Moments of pleasure are
the remnants washed ashore
from a shipwreck, bits of Paradise
extended through time.

We must hold these relics lightly, and use them with gratitude and restraint, never seizing them as entitlements.

. . . Evil’s greatest triumph may be its success in portraying religion as an enemy of pleasure when, in fact, religion accounts for its source: every good and enjoyable thing is the invention of a Creator who lavished gifts on the world.

–Philip Yancey
Soul Survivor

Why did this happen?


We have no right to ask, 
when a sorrow comes, 
“Why did this 
happen to me?” 
unless we ask 
the same question 
for every joy 
that comes our way.

– Philip E. Berstein

Living with gratitude

When everything we receive from him is received and prized as fruit and pledge of his covenant love, then his bounties (generous gifts), instead of being set up as rivals and idols to draw our heart from him, awaken us to fresh exercises of gratitude and furnish us with fresh motives of cheerful obedience every hour.

–John Newton (1725-1807)

Becoming more “ordinary”

The churches I attended had stressed the dangers of pleasure so loudly that I missed any positive message. Guided by [Gilbert] Chesterton, I came to see sex, money, power, and sensory pleasures as God’s good gifts. Every Sunday I can turn on the radio or television and hear preachers decry the drugs, sexual looseness, greed, and crime that are “running rampant” in the streets of America.

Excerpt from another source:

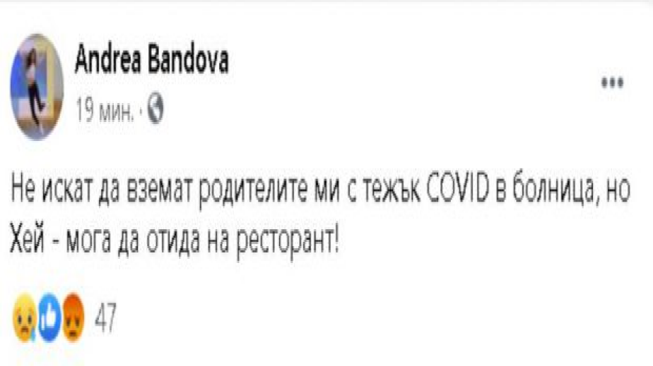 В действителност това е причината, става ясно от публикациите на инфлуенсърката в последно време. Днес тя го заяви и в прав текст, но след това бързо изтри поста си, който гласеше, че не искат да вземат родителите й в болница с тежък Covid, но затова пък можела да отиде на ресторант.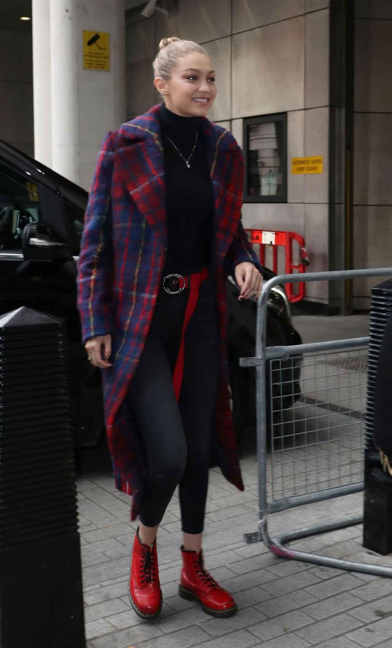 人気モデルのジジ・ハディッドは、Tommy Hilfiger(トミーヒルフィガー)のレッド×ネイビーのチェック柄コートに、Dr. Martens(ドクターマーチン)のレッドブーツを合わせたカラーコーデ。赤だけが浮かないように、ベルトにも赤を選んで全体にバランスをとって。

Rather than merely wag our fingers at such obvious abuses of God’s good gifts, perhaps we should demonstrate to the world where good gifts actually come from, and why they are good.

Evil’s greatest triumph may be its success in portraying religion as an enemy of pleasure when, in fact, religion accounts for its source: every good and enjoyable thing is the invention of a Creator who lavished gifts on the world.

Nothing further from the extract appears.